# Which plane had the most machine guns for attack?



## Geruse (Jan 31, 2006)

Been lurking for a while. Thought I'd pop my head in and say hi. 

Which plane do you think had the most guns that could be used to attack an opponent or ground targets?

Wasn't there a Hurricane that had 12 machine guns?


----------



## Gnomey (Jan 31, 2006)

Yes the Hurricane MKIIB had 12 .303" machine guns. I am pretty sure one of the American twin engined bombers (B-25, B-26, A-26, A-20) carried 12 .50" machine guns but don't quote me on that.

Welcome to the forum.


----------



## evangilder (Jan 31, 2006)

There were B-25s that had 8 .50 cals in the nose, 4 more in blisters on the sides of the fuselage (2 on each side), and the top turret. So you could conceivably have 14 x .50 cals pointed at the enemy in a strafing attack.


----------



## MacArther (Jan 31, 2006)

Ouch, maybe they should point that firepower at ships, not people. Might not be too humane to be hit by 14 50 cals. Imagine the first guy to be hit getting all 14 on him (shudder).
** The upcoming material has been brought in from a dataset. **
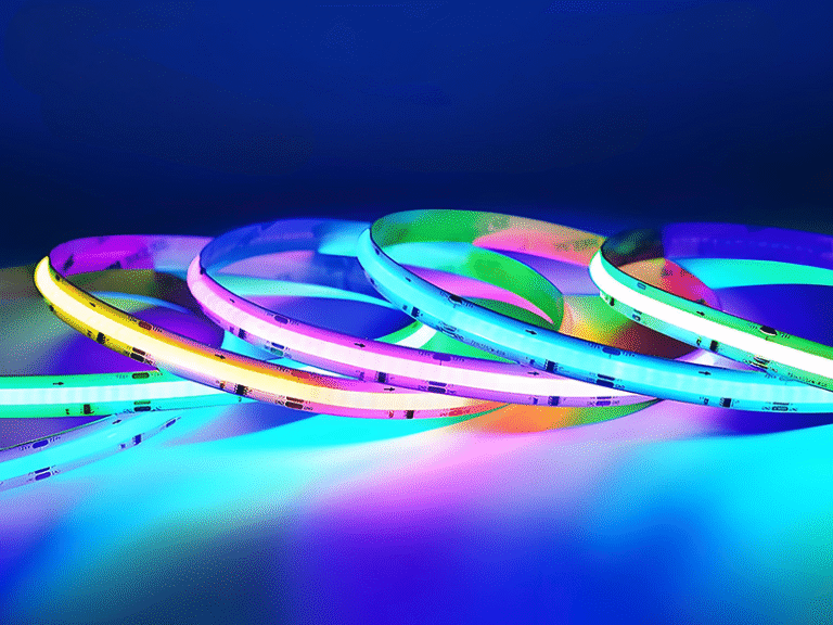 The COB Standard RGBW & RGB led strip is a high-performance lighting solution that combines high brightness, uniform illumination, and vibrant color-changing capabilities. Utilizing advanced Chip-on-Board (COB) technology, it delivers smooth and consistent light output without visible light dots or dark spots, ensuring a soft, flicker-free visual experience. The RGB version offers dynamic red, green, and blue color mixing, ideal for creating vivid and customizable lighting atmospheres. The RGBW version adds a dedicated white light channel, enabling more natural and refined color tones while also supporting functional white lighting. Compatible with a wide range of controllers, including remote, app, and music rhythm control, COB Standard led stripe RGBW&RGB is perfect for residential decor, commercial spaces, window displays, exhibitions, and stage lighting. It’s an ideal choice for those seeking a seamless and immersive lighting effect.
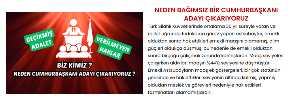 Türkiye’nin siyasi sahnesi, her daim beklenmedik figürlerle yeniden şekillenme potansiyeli taşır. Bugün, bu potansiyelin en somut ve halkçı örneklerinden birini inceleyeceğiz: cumhurbaskaniadayimiz.com. Bu site, emekli astsubayların uzun yıllara dayanan mağduriyetlerini bir manifesto gibi sergileyerek, bağımsız bir cumhurbaşkanı adayı çıkarma vizyonunu ortaya koyuyor. Bu, salt bir web platformu değil; Türk Silahlı Kuvvetleri’nin omurgasını oluşturan emekli astsubayların sesini, ulusal siyasetin merkezine taşıma girişimi.

Then again, it would be a great deterant from moving Jerries on open roads. 
PS welcome, and good post.


----------



## evangilder (Jan 31, 2006)

Most of those outfitted that way were used in the Pacific against ships. Seems a bit overkill to go after people with that much. But in a troop concentration, highly effective.


----------



## R988 (Jan 31, 2006)

B-25 was highly effective against shipping, they also had that version with the artillery gun 75mm or something? Now that would rip it apart


----------



## Hunter368 (Jan 31, 2006)

I have seen the results of the B25 attack in photos close up and it is scaryyyyyyy stuff. It was perhaps the scariest plane to be strafed by in the pacific.


----------



## Lunatic (Jan 31, 2006)

There was a version of the A-26 that carried 20 x .50's, I believe 18 of them could be aimed to the front for ground attack. As far as I know this was the most guns for strafing of any WWII plane.

=S=

Lunatic


----------



## Hunter368 (Jan 31, 2006)

Oh my


----------



## Gnomey (Jan 31, 2006)

18 .50's that would do some damage!


----------



## evangilder (Jan 31, 2006)

R988 said:


> B-25 was highly effective against shipping, they also had that version with the artillery gun 75mm or something? Now that would rip it apart



Yes there were B-25s with the 75mm cannon on board. But because they had to be hand loaded they had a low rate of fire. But when they hit, they would do some serious damage. We have a round for that gun in the museum made of wood that was used for loader practice. It is huge and heavy. I will see if I can get a pic of it to post in the next couple of weeks.


----------



## Magister (Jan 31, 2006)

Lunatic said, _"There was a version of the A-26 that carried 20 x .50's, I believe 18 of them could be aimed to the front for ground attack. As far as I know this was the most guns for strafing of any WWII plane."_

It was 16 .50's. Eight packed into the nose, six in the wings (three in each wing) and two in the top turret that could be locked forward and fired by the pilot.

Pretty devastating.


----------



## lesofprimus (Jan 31, 2006)

B-25 shots...


----------



## Glider (Jan 31, 2006)

The Beaufighter must run it a close second. 4 x 20 and 4 x HMG equal to 16 x HMG.


----------



## Gnomey (Jan 31, 2006)

Good pics Les! I would say it would Glider.


----------



## Lunatic (Feb 1, 2006)

Magister said:


> Lunatic said, _"There was a version of the A-26 that carried 20 x .50's, I believe 18 of them could be aimed to the front for ground attack. As far as I know this was the most guns for strafing of any WWII plane."_
> 
> It was 16 .50's. Eight packed into the nose, six in the wings (three in each wing) and two in the top turret that could be locked forward and fired by the pilot.
> 
> Pretty devastating.



There was another variant that had 8 guns mounted in underwing pods, 8 in the nose, and the top turret could be locked forward - which is 18. The version you describe was a later superior variant with the wing guns internalized.


----------



## Magister (Feb 1, 2006)

Don't think so. The variant you are referring to had only six forwrad firing guns as opposed to the eight on the A-26B-50-DL and later series so adding two more under the wings still gives you just 16. You said 18 could be brought to bear on a target.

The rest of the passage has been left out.